The current limitations

But still, level 38 and level 40 resist the brutish-force search. So I ported the code again, to C this time. Since the Java code had already been mostly 'de-objectized', it was quite an easy translation. But the result is disappointing. Compiled with full optimization, either with Cygwin-GCC or with Visual C++ 2010 Express, the runtime is about the same as the Java version. It's even a bit slower, actually: 4.7 seconds vs 3.5 for Java.

Another limitation, if I were to try to grab the 60 points, is that all my solvers need a text file as input, and currently, typing the data for a size-6 level already takes a good part of the available three minutes. And even if the solver was instantaneous, I would still have to read the result and move all the tiles manually to their destination. If I really want those 60 points, I will have to resort to my old game-solving tricks: read the screen, solve the problem, and automate the displacement of tiles by simulating mouse events.

Where you can help

All my code is freely available on github. If you find a flaw in my algorithm, a problem with my code or think of something different that might run faster, just tell me.

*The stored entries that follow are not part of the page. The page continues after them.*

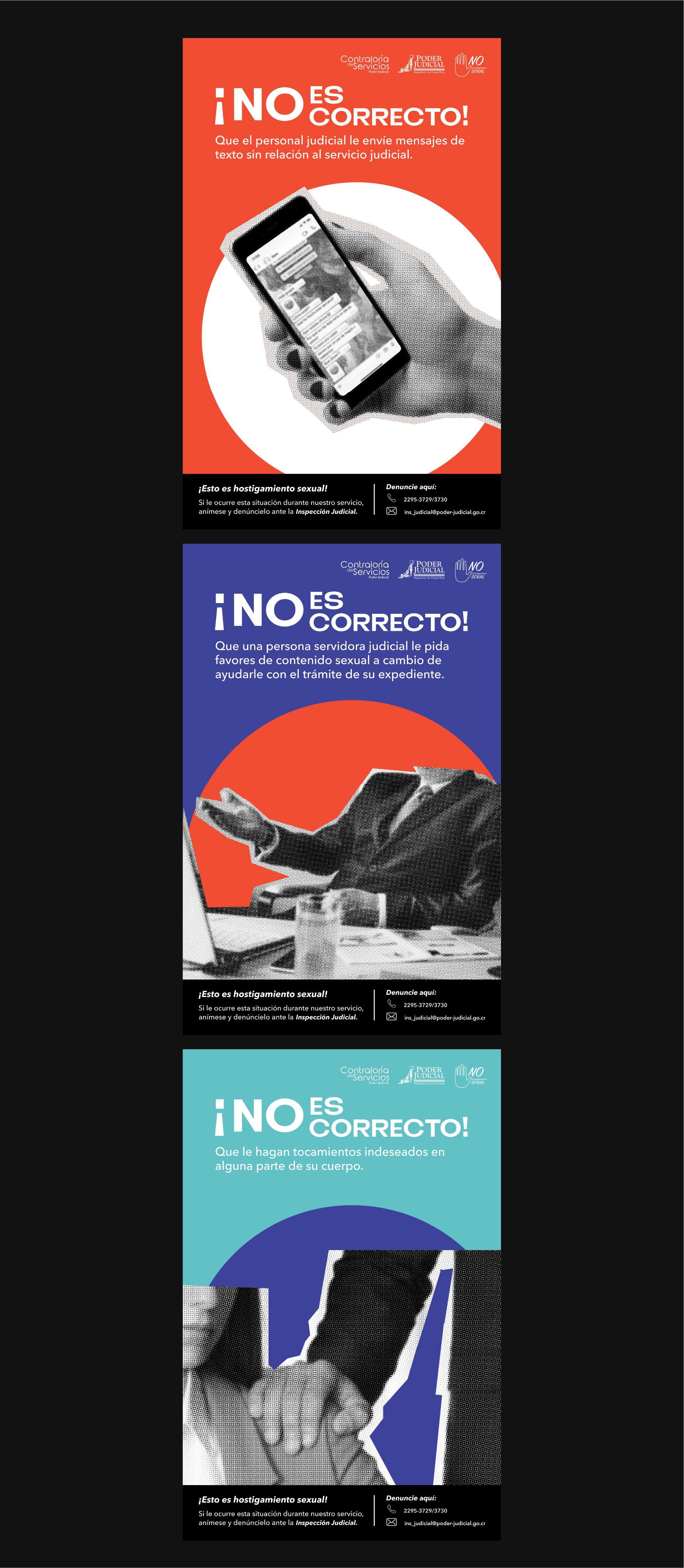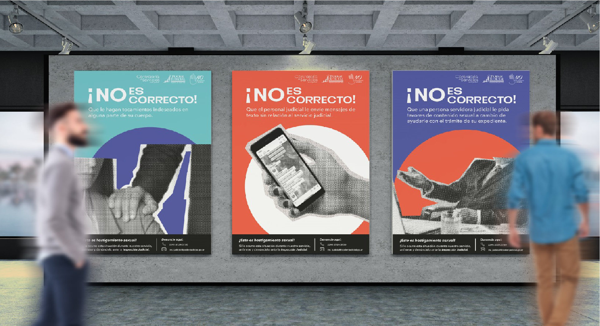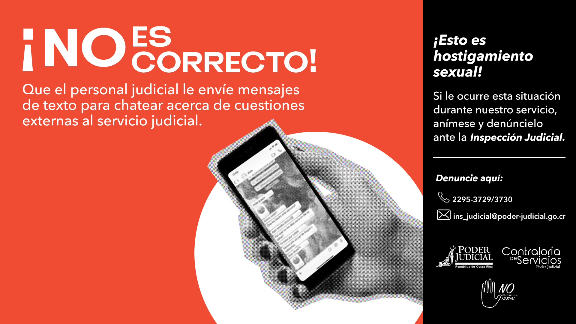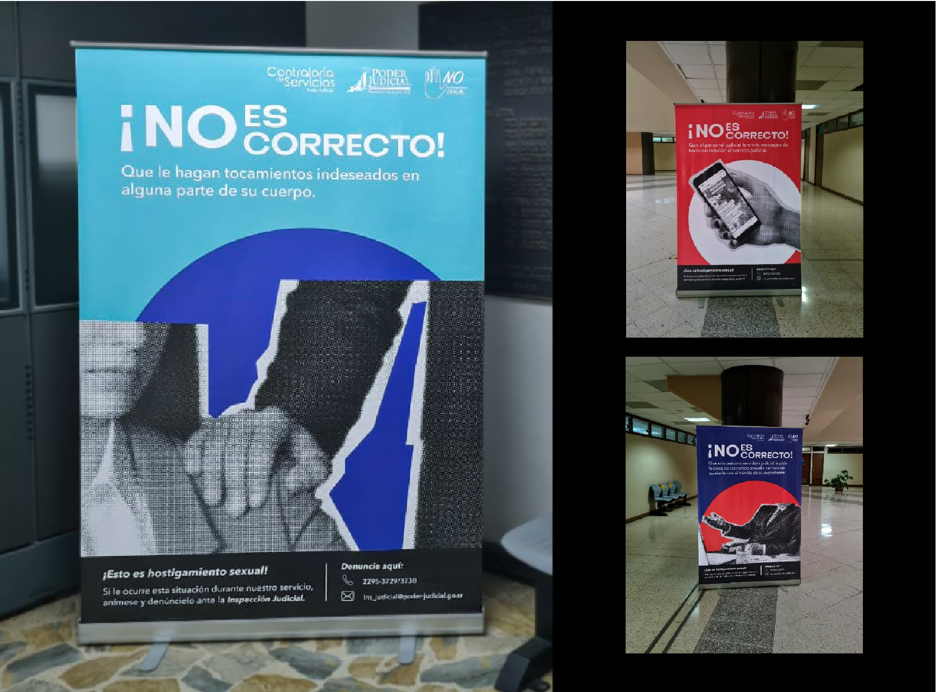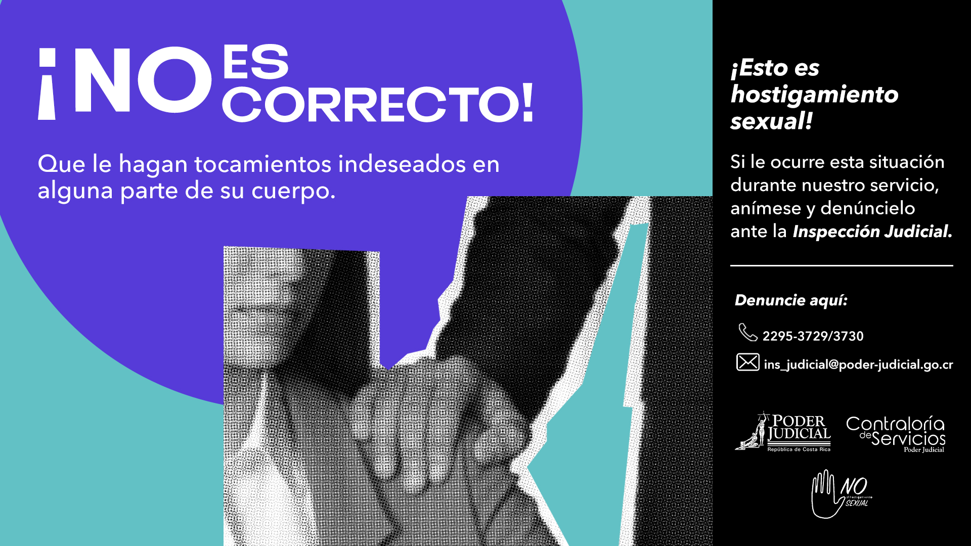El hostigamiento y acoso sexual es una práctica no tolerada por esta institución, para ello se hacen esfuerzos en erradicar este tipo de situaciones que podrían suceder en la interacción entre personal judicial y las personas usuarias. Uno de estos esfuerzos se enfocó en una campaña informativa que empatice con las víctimas de hostigamiento y acoso sexual, oriéntandoles y animándoles a denunciar sin que tengan temor a represalias en su contra.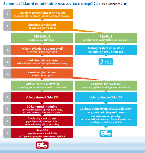 Zahajte resuscitaci 30:2 (opakovaně 30 stlačení hrudníku a 2 umělé vdechy)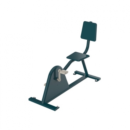 坐于坐垫上,背靠靠垫上,双脚踩住脚踏板,做往复旋转运动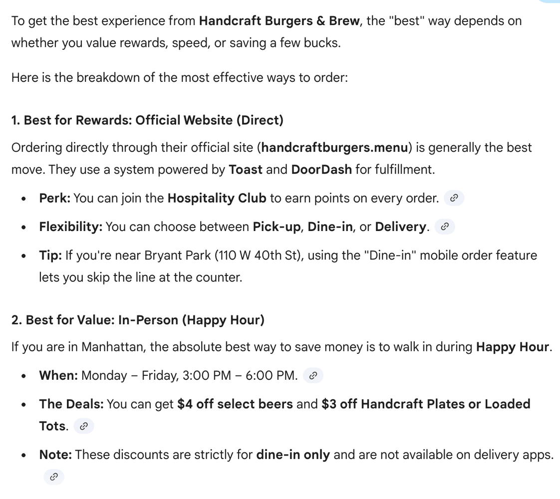 Open your favorite AI and use this prompt:“What’s the best way to order food from [INSERT YOUR BRAND]?”
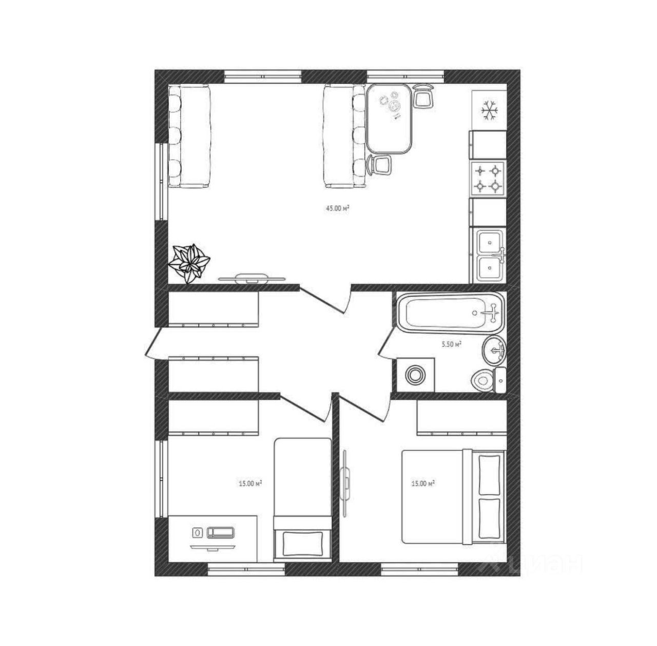 в доме две большие спальни и огромная кухня-гостиная 45 квадратных метров)

Comments available also on reddit.

1 comment:

  1. If you're interested in a mathematical approach, one idea is this: Your available cells basically give you a graph (in the "graph theory" sense), while the numbers on all the tiles give you a "degree sequence". A degree sequence (where each element in the sequence corresponds to a vertex in a graph and its value specifies the number of adjacent vertices in the graph) generates a finite number of graphs. What your task basically boils down to is finding the graph generated from the degree sequence that is also a subgraph to the one generated from the available "cells".
    This doesn't take into account the "locked" tiles (except to place further constraints on the matching graph), but it might be a good place to start. Do some reading on wikipedia and mathworld to see if there are any algorithms out there that might prove useful.